DATA PROVIDED:
((

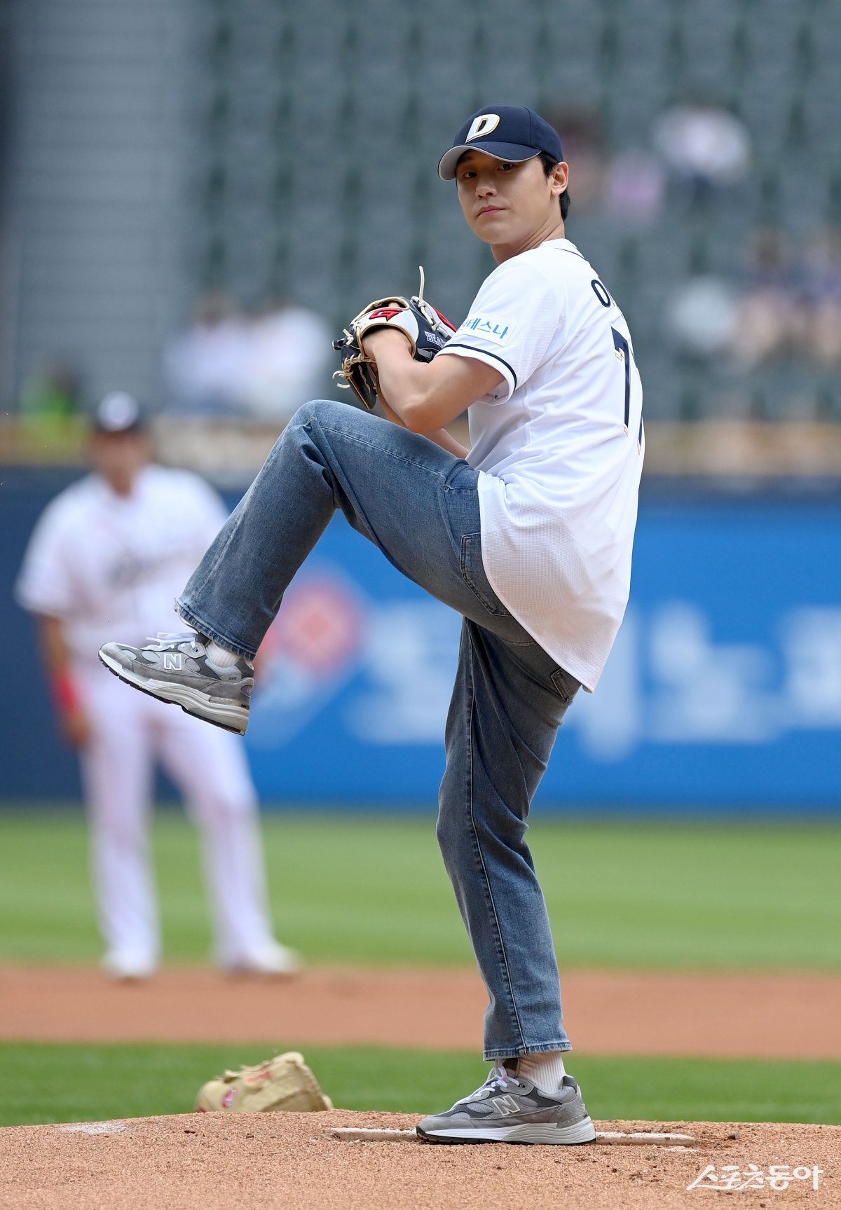 30일 서울 잠실야구장에서 ‘2023 신한은행 SOL KBO리그’ LG 트윈스와 두산 베어스 경기가 열렸다. 배우 이도현이 시구를 하고 있다.
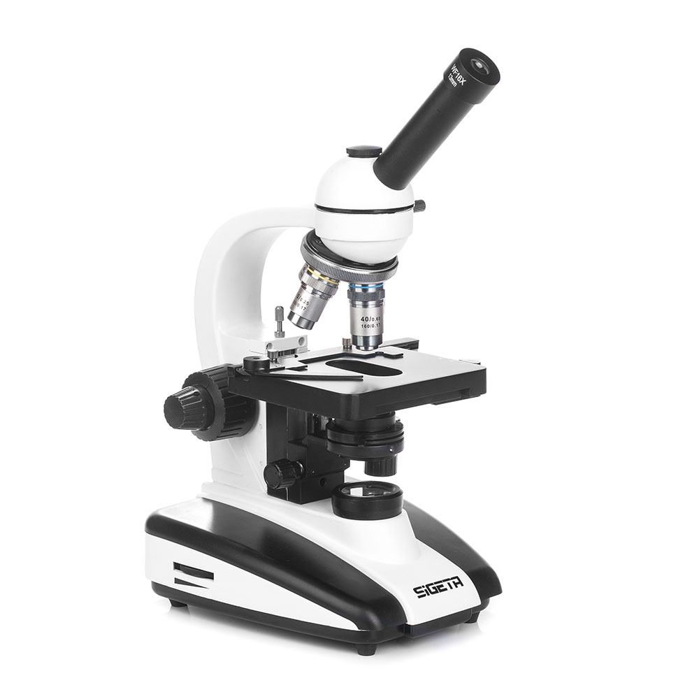 SIGETA MB-401 Dual-View - профессиональный монокулярный микроскоп с дополнительной насадкой для цифровой камеры-окуляра. Предназначен для исследований прозрачных биологических объектов в проходящем свете. Микроскоп комплектуется двумя широкоугольными окулярами 10x и 16x и 4 ахроматическими объективами 4x, 10x, 40x, 100x. Уникальность данной модели в том, что у монокулярной насадки предусмотрена возможность установки специального адаптера для камеры. Это дает возможность наблюдать через окуляр и через экран вашего ПК одновременно. Предметный столик оборудован координатным нониусом и микрометрическими суппортами. Также микроскоп оснащен, механизмом грубой и точной фокусировки, лепестковой диафрагмой и конденсором с механизмом регулировки по высоте. Всё это делает ваши наблюдения максимально комфортными.
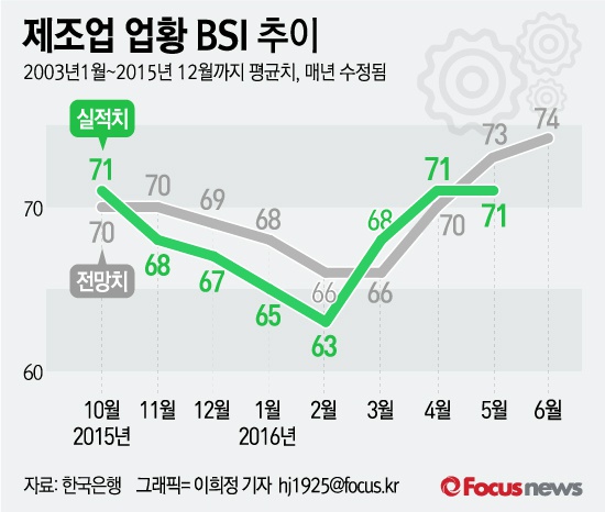 (서울=포커스뉴스) 30일 한국은행이 발표한 ‘2016년 5월 기업경기실가지수(BSI) 및 경제심리지수(ESI)’에 따르면 제조업의 5월 업황BSI는 71로 4월과 같았다.

))

Write out the whole listing exactly. Pictures stay out.

 30일 서울 잠실야구장에서 ‘2023 신한은행 SOL KBO리그’ LG 트윈스와 두산 베어스 경기가 열렸다. 배우 이도현이 시구를 하고 있다.
 SIGETA MB-401 Dual-View - профессиональный монокулярный микроскоп с дополнительной насадкой для цифровой камеры-окуляра. Предназначен для исследований прозрачных биологических объектов в проходящем свете. Микроскоп комплектуется двумя широкоугольными окулярами 10x и 16x и 4 ахроматическими объективами 4x, 10x, 40x, 100x. Уникальность данной модели в том, что у монокулярной насадки предусмотрена возможность установки специального адаптера для камеры. Это дает возможность наблюдать через окуляр и через экран вашего ПК одновременно. Предметный столик оборудован координатным нониусом и микрометрическими суппортами. Также микроскоп оснащен, механизмом грубой и точной фокусировки, лепестковой диафрагмой и конденсором с механизмом регулировки по высоте. Всё это делает ваши наблюдения максимально комфортными.
 (서울=포커스뉴스) 30일 한국은행이 발표한 ‘2016년 5월 기업경기실가지수(BSI) 및 경제심리지수(ESI)’에 따르면 제조업의 5월 업황BSI는 71로 4월과 같았다.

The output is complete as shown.